• Dataset content
# # # #
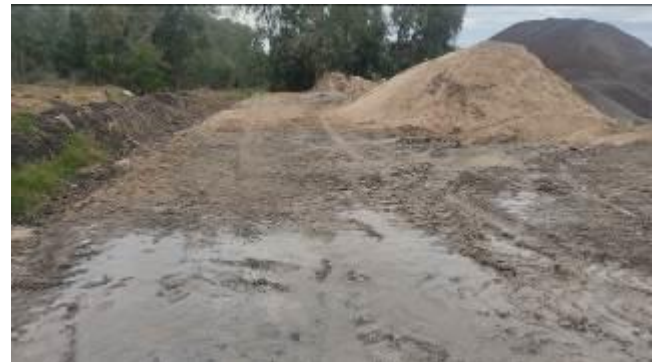
Foto 12.1-1 Zona de elaboración de mezcla con riesgo de erosión.
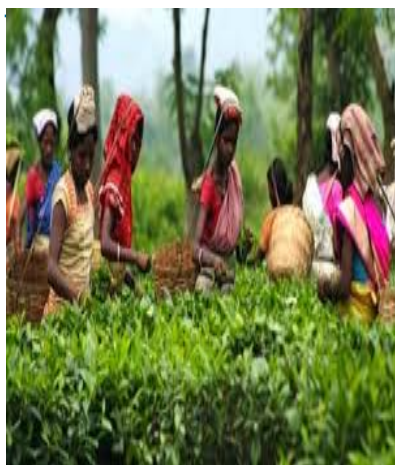
Φυτεία τσαγιού στη Νότιο Ινδία

σχολιαστές, η Ινδία πρέπει να εφαρμόσει σειρά οικονομικών μεταρρυθμίσεων, ώστε η οικονομία της να καταστεί ανταγωνιστική, για να μπορέσει στο μέλλον να επωφεληθεί από ανάλογες συμφωνίες. Σημειώνεται, ότι η TPP φιλοδοξεί να γίνει η μεγαλύτερη ζώνη ελεύθερου εμπορίου, εκπροσωπώντας το 40% της παγκόσμιας
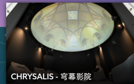
CHRYsalis - 穹幕影院
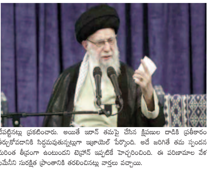
చేపట్టినట్లు ప్రకటించారు. అయితే ఇరాన్ తమపై చేసిన క్షిపణుల దాడికి ప్రతికారం తీర్చుకోవడానికి సిద్ధమవుతున్నట్లుగా ఇజ్రాయెల్ పేర్కొంది. అదే జరిగితే తమ స్పందన మరింత తీవ్రంగా ఉంటుందని టెహ్రాన్ ఇప్పటికే హెచ్చరించింది. ఈ పరిణామాల వేళ ఖమేనీని సురక్షిత ప్రాంతానికి తరలించినట్లు వార్తలు వచ్చాయి.

ఇరాన్ సుప్రీం లీడర్ టెహ్రాన్: అక్టోబర్ 19. (తరణం బ్యూరో)హమాస్ మిలిటెంట్ సంస్థ అధినేత యాహ్సీ సిస్టర్‌ను ఇజ్రాయెల్ దళాలు హతమార్చడంపై ఇరాన్ సుప్రీం లీడర్ అయతుల్లా అలీ ఖమేనీ స్పందించారు.సిస్టర్ మృతి బాధ కలిగిస్తోంది.. అయినప్పటికీ అతడు అమరుడు కావడంతో అంతా అయిపోయినట్లు కాదని ఆయన వ్యాఖ్యానించారు. ఇజ్రాయెల్ దాడిలో అతడు చనిపోయినా హమాస్ ఇంకా ఉనికిలోనే ఉందని.. ఎప్పటికీ ఉంటుందని ఆయన పేర్కొన్నారు. “శత్రువులు తమపై విపరీత దాడులకు పాల్పడుతున్నా సిస్టర్ దృఢ సంకల్పంతో వారికి ఎదురు నిలిచారు. వారి వ్యూహాలకు దీటుగా బదులిచ్చారు. 2023 అక్టోబరు 7న ఇజ్రాయెల్‌పై జరిపిన దాడులకు సూత్రధారిగా వ్యవహరించి ఇజ్రాయెల్‌ను ఆయన దెబ్బ కొట్టిన తీరును ప్రపంచం ఎప్పటికీ మరిచిపోదు” అని ఖమేనీ అన్నారు. ఇజ్రాయెల్-హెజ్బోల్లా మధ్య జరుగుతున్న పోరులో హమాస్ చీఫ్ నసర్లలా మరణం తర్వాత లెబనాన్‌లోకి తన బలగాలను పంపేందుకు ఇరాన్ సిద్ధంగా ఉందని ఆ దేశ ఉన్నతస్థాయి అధికారిని ఉటంకిస్తూ అంతర్జాతీయ మీడియా వెల్లడించింది.ఇటీవల ఇజ్రాయెల్‌పై ఇరాన్ ప్రత్యక్ష దాడికి దిగిన సంగతి తెలిసిందే. దాదాపు 200 బాలిస్టిక్ క్షిపణులు ప్రయోగించింది. అనంతరం దీనిపై ఖమేనీ స్పందిస్తూ హమాస్ అప్పటి అధినేత ఇస్మాయెల్ హనియా, హెజ్బోల్లా చీఫ్ హసన్ నసర్లలా, నిల్దోర్హుషన్ మరణానికి ప్రతికారంగా ఈ దాడులు
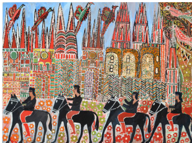
Enrico Benassi, Vier schwarze Reiter

Bitte bedenken, daß innerhalb der Ausstellung mehrere Aktdarstellungen gezeigt werden.
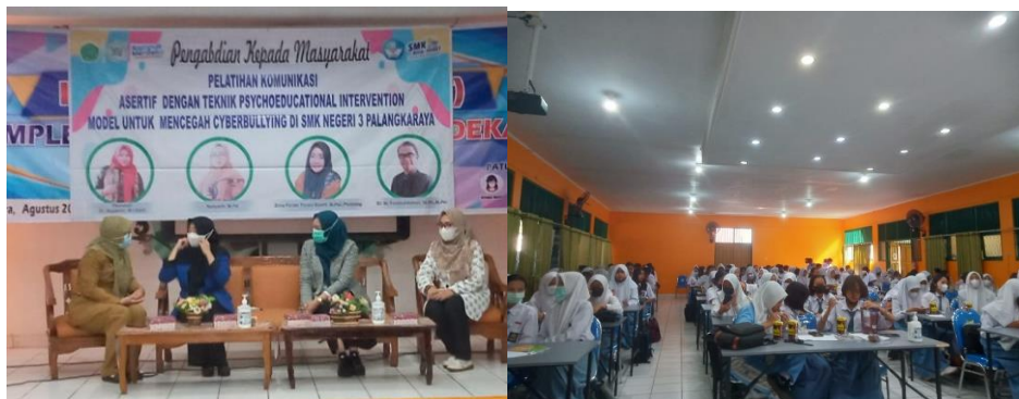
Gambar 2 Kegiatan pelatihan

Pengabdian Kepada Masyarakat Stimulus “Pelatihan Komunikasi Asertif Dengan Teknik Psychoeducational Intervention Untuk Mencegah Cyberbullying ” pada tanggal 15 Agustus 2022 di SMK Negeri 3 Palangka Raya yang terletak di Jl. R. A. Kartini No.25, Langkai, Kec. Pahandut, Kota Palangka Raya, Kalimantan Tengah 74874. Kegiatan pelatihan dapat dilihat pada Gambar 2.
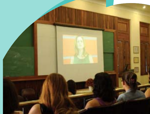
Os novos servidores assistiram a um vídeo sobre a estrutura e o trabalho desenvolvido pelo INCA
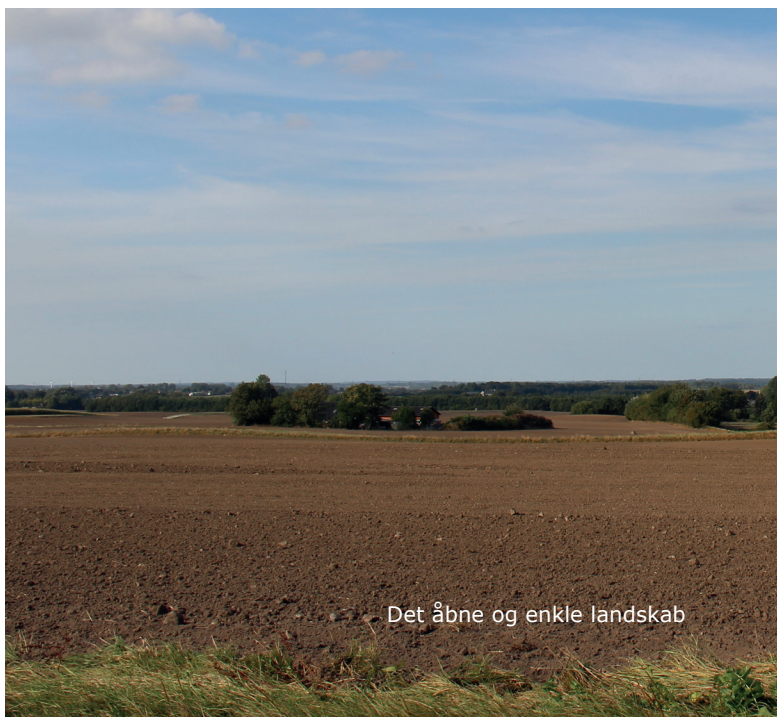
Det åbne og enkle landskab

LKM delen er opbygget, så den for hvert karakterområde giver en kort intro til områdets landskabelige kendetegn, værdier, opmærksomhedspunkter, kulturarv og udvalgte oplevelsespunkter. Herefter følger en landskabskarakterbeskrivelse og vurdering af landskabet samt anbefalinger til planlægningen.
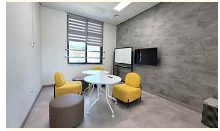
2층 동아리 2실
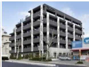
グランフォレスト神戸六甲
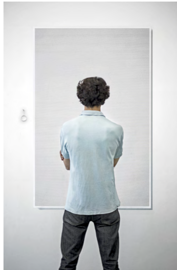
© Raphaël Denis Corps 1 : La Recherche du temps perdu 2011 Tirage pigmentaire sur papier Hahnemühle contrecollé sur Dibond, loupe 150 x 100 cm

Artiste pluridisciplinaire, il multiplie les médiums en recourant de manière récurrente aux modes opératoires de la citation et de la répétition.
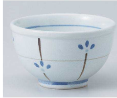
367-101-743 790円 芽生え千茶(青) (8.9×5.2-180cc)
# # # #
• Work item
Please show each line in the records above that contains "pelatihan".

• Completed task
Gambar 2 Kegiatan pelatihan
Pengabdian Kepada Masyarakat Stimulus “Pelatihan Komunikasi Asertif Dengan Teknik Psychoeducational Intervention Untuk Mencegah Cyberbullying ” pada tanggal 15 Agustus 2022 di SMK Negeri 3 Palangka Raya yang terletak di Jl. R. A. Kartini No.25, Langkai, Kec. Pahandut, Kota Palangka Raya, Kalimantan Tengah 74874. Kegiatan pelatihan dapat dilihat pada Gambar 2.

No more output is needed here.